Task brief: No picture belongs in the answer, which must hold exactly the lines from the one with "Peluche de oso" through the final line below.

Data segment:
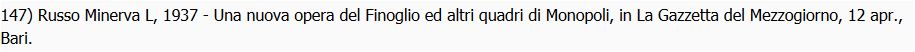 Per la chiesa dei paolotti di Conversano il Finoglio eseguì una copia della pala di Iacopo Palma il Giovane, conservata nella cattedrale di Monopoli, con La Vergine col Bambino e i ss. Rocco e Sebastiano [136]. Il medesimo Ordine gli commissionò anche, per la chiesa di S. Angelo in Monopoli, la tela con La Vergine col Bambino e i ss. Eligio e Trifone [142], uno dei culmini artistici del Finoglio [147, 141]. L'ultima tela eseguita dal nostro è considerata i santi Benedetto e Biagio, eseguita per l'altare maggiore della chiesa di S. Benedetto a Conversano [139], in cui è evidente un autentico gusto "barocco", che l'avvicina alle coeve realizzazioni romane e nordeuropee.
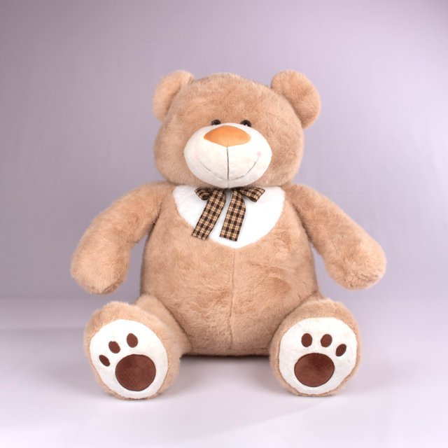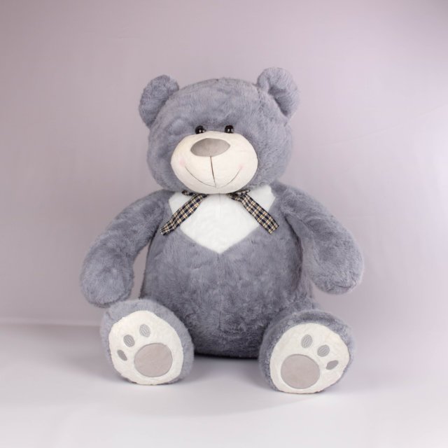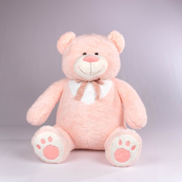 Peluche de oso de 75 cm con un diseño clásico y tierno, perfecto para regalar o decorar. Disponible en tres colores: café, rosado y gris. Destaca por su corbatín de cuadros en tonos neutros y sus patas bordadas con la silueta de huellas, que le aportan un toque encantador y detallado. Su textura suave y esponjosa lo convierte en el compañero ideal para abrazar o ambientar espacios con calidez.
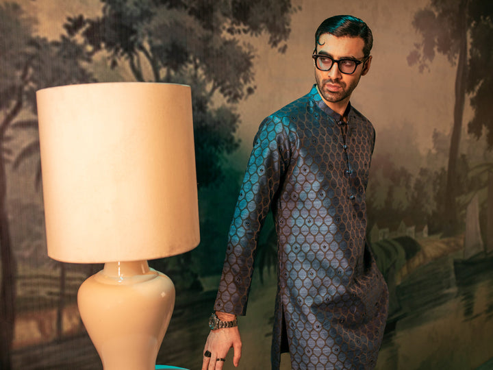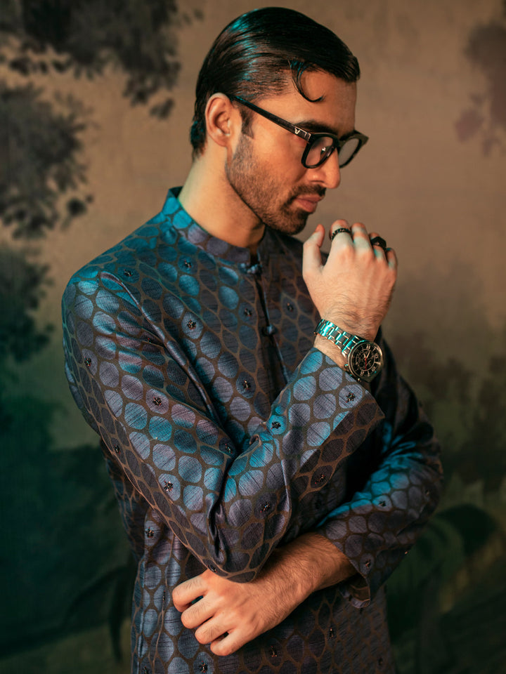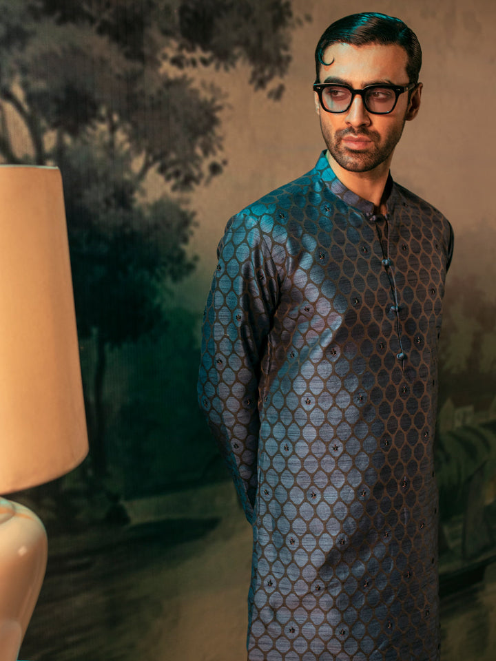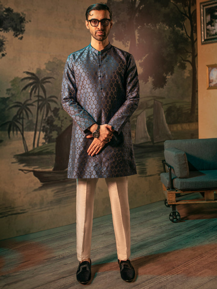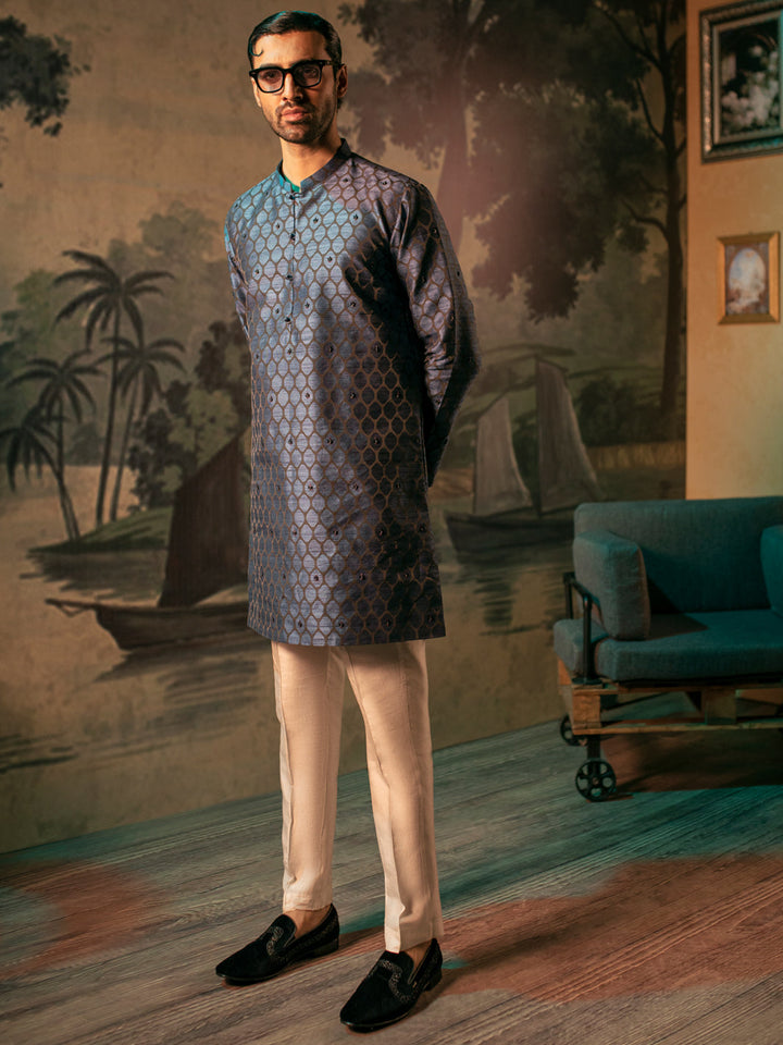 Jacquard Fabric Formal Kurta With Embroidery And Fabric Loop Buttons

Solved problem:
 Peluche de oso de 75 cm con un diseño clásico y tierno, perfecto para regalar o decorar. Disponible en tres colores: café, rosado y gris. Destaca por su corbatín de cuadros en tonos neutros y sus patas bordadas con la silueta de huellas, que le aportan un toque encantador y detallado. Su textura suave y esponjosa lo convierte en el compañero ideal para abrazar o ambientar espacios con calidez.
 Jacquard Fabric Formal Kurta With Embroidery And Fabric Loop Buttons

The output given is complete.